● EXERCISE GOAL: The whole listing below needs to be duplicated exactly, pictures aside.

● STORED DATA:
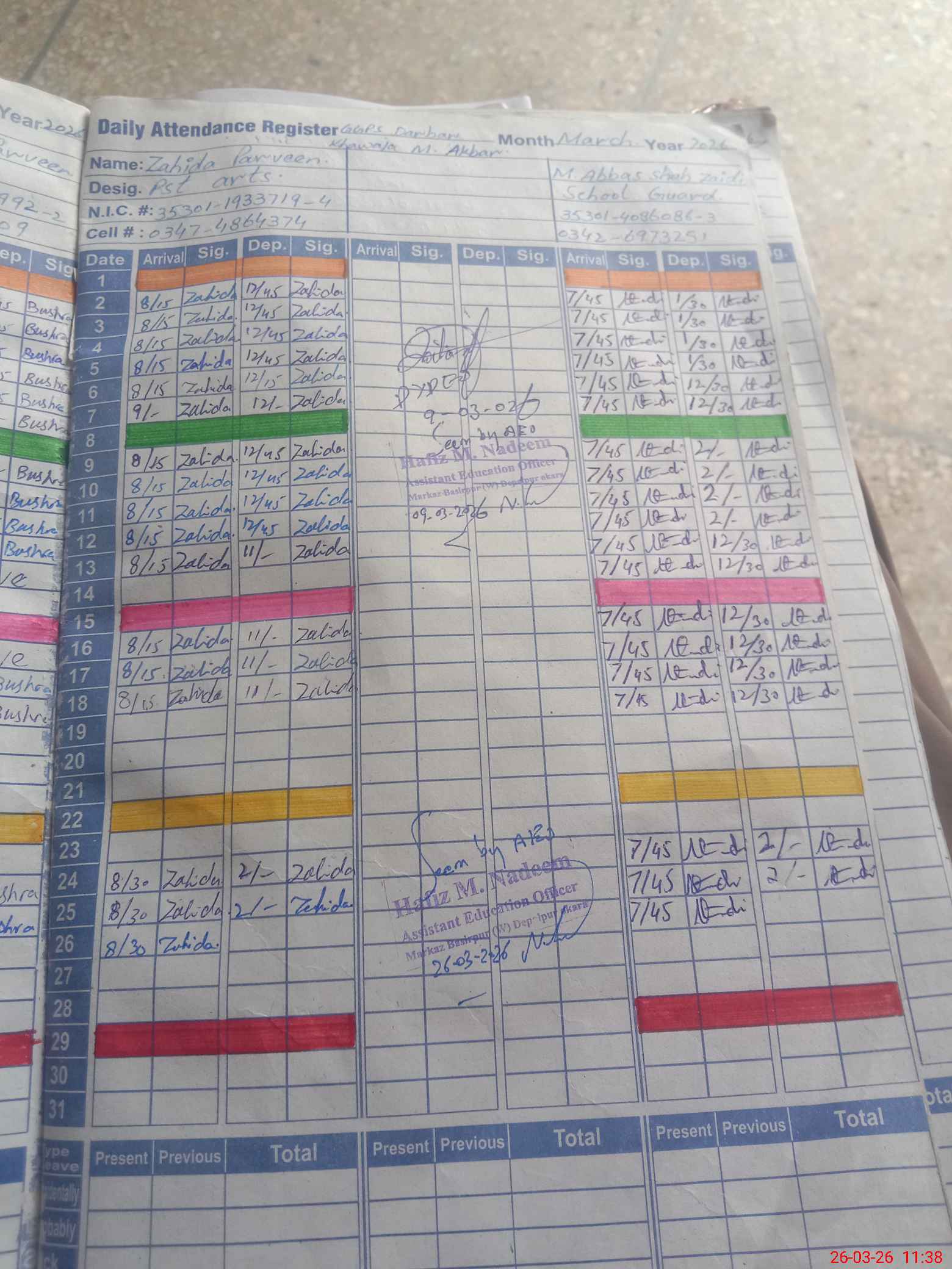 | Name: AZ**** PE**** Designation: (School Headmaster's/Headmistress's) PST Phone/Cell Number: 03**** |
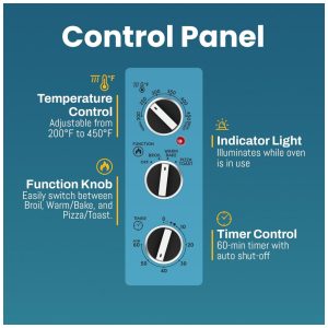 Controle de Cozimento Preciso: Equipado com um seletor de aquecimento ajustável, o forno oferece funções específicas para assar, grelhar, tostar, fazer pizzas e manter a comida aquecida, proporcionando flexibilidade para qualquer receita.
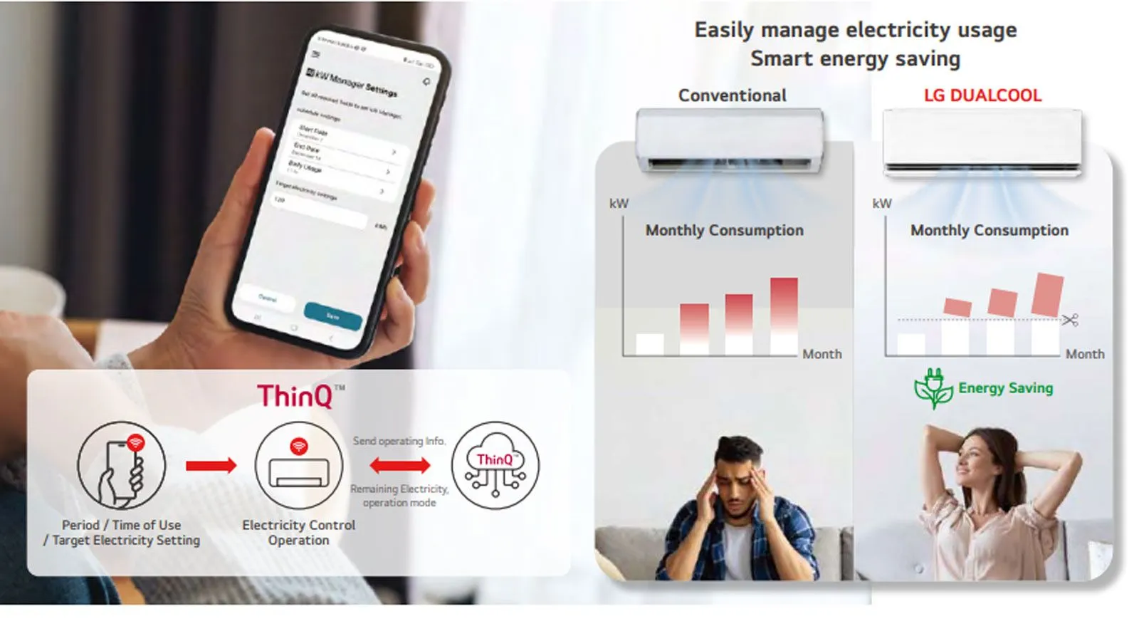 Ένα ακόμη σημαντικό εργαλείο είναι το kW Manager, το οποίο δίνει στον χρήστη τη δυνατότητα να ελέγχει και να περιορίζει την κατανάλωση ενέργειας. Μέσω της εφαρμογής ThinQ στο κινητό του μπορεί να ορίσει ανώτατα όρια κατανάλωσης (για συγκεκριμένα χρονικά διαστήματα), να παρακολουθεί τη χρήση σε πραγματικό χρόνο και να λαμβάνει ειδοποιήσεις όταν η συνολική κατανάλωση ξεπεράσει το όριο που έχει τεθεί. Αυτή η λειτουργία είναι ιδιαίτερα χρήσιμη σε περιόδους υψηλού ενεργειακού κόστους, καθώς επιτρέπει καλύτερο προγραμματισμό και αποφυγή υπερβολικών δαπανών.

● EXERCISE SOLUTION:
 | Name: AZ**** PE**** Designation: (School Headmaster's/Headmistress's) PST Phone/Cell Number: 03**** |
 Controle de Cozimento Preciso: Equipado com um seletor de aquecimento ajustável, o forno oferece funções específicas para assar, grelhar, tostar, fazer pizzas e manter a comida aquecida, proporcionando flexibilidade para qualquer receita.
 Ένα ακόμη σημαντικό εργαλείο είναι το kW Manager, το οποίο δίνει στον χρήστη τη δυνατότητα να ελέγχει και να περιορίζει την κατανάλωση ενέργειας. Μέσω της εφαρμογής ThinQ στο κινητό του μπορεί να ορίσει ανώτατα όρια κατανάλωσης (για συγκεκριμένα χρονικά διαστήματα), να παρακολουθεί τη χρήση σε πραγματικό χρόνο και να λαμβάνει ειδοποιήσεις όταν η συνολική κατανάλωση ξεπεράσει το όριο που έχει τεθεί. Αυτή η λειτουργία είναι ιδιαίτερα χρήσιμη σε περιόδους υψηλού ενεργειακού κόστους, καθώς επιτρέπει καλύτερο προγραμματισμό και αποφυγή υπερβολικών δαπανών.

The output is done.